GIVEN DATA –
┌──

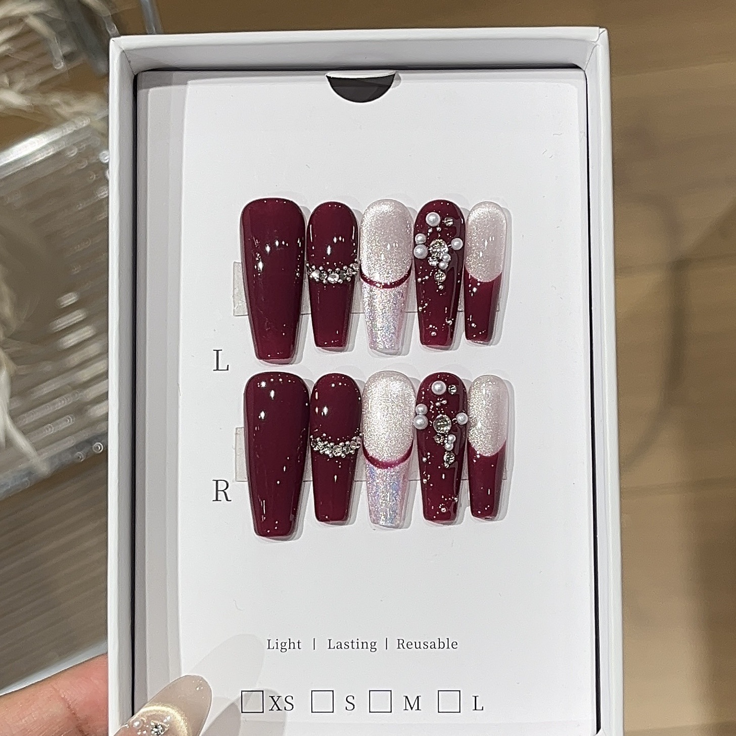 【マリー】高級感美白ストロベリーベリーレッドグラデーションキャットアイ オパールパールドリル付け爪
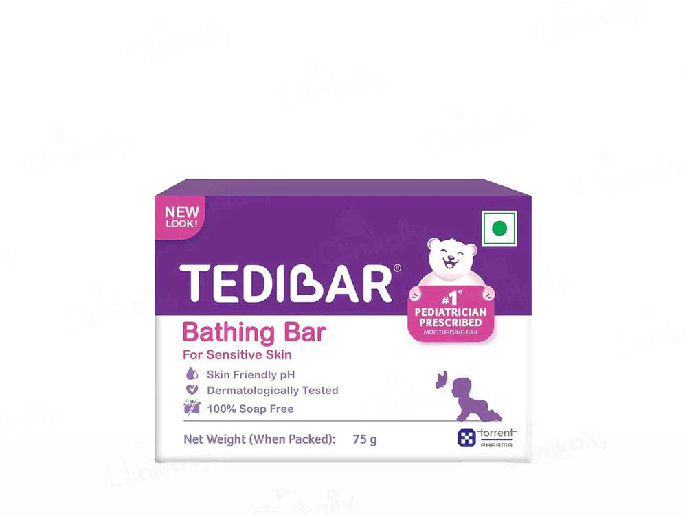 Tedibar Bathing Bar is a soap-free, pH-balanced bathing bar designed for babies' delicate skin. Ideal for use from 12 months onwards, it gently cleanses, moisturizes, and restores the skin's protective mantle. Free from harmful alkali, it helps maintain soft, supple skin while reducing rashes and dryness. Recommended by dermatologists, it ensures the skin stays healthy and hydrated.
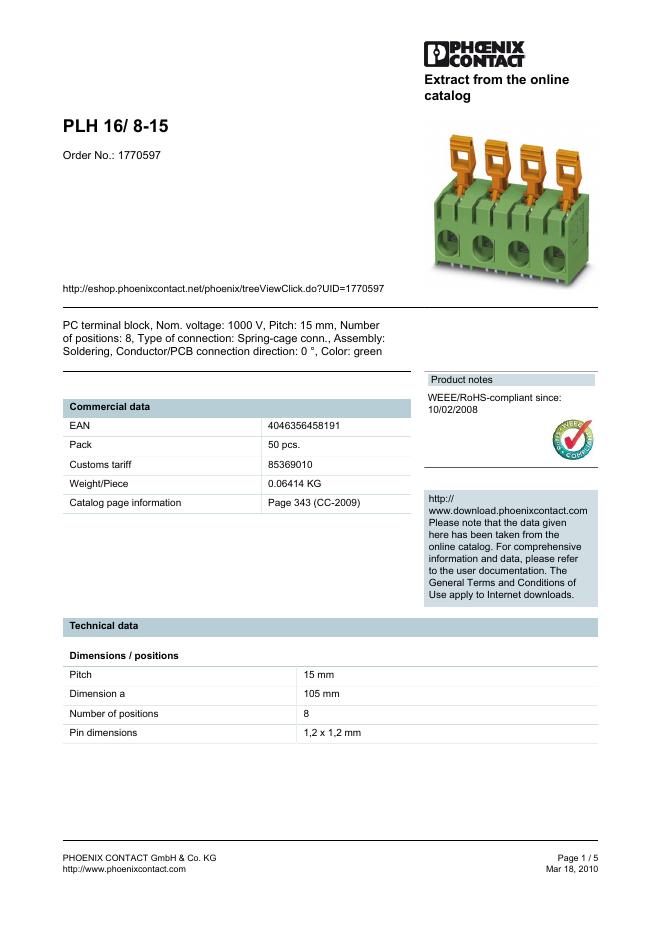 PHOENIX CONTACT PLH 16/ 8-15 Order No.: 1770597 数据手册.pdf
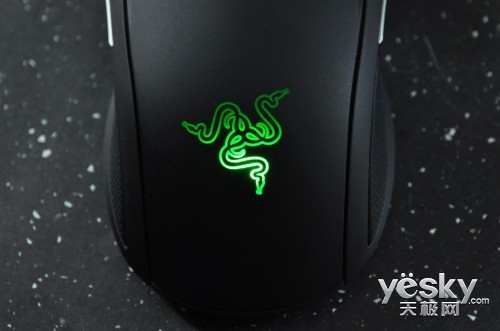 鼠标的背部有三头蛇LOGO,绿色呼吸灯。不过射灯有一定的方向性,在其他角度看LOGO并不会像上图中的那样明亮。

└──
┌──

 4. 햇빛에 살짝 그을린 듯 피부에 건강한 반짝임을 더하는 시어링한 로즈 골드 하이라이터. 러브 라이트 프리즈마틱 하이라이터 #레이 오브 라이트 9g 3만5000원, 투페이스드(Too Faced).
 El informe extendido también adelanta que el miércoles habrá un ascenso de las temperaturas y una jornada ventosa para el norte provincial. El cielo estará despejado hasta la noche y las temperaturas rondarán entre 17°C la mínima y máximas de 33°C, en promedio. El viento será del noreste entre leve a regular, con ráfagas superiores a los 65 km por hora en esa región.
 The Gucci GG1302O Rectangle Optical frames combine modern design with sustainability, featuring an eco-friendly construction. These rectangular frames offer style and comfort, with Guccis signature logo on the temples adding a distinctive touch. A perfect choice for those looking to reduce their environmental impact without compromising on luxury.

└──

ACTIVITY – Retype the records above, but only those lines that fall between the line containing "El informe extendido" and the line containing "The Gucci GG1302O", with both of those lines included, exactly as written.

ANSWER SECTION –
 El informe extendido también adelanta que el miércoles habrá un ascenso de las temperaturas y una jornada ventosa para el norte provincial. El cielo estará despejado hasta la noche y las temperaturas rondarán entre 17°C la mínima y máximas de 33°C, en promedio. El viento será del noreste entre leve a regular, con ráfagas superiores a los 65 km por hora en esa región.
 The Gucci GG1302O Rectangle Optical frames combine modern design with sustainability, featuring an eco-friendly construction. These rectangular frames offer style and comfort, with Guccis signature logo on the temples adding a distinctive touch. A perfect choice for those looking to reduce their environmental impact without compromising on luxury.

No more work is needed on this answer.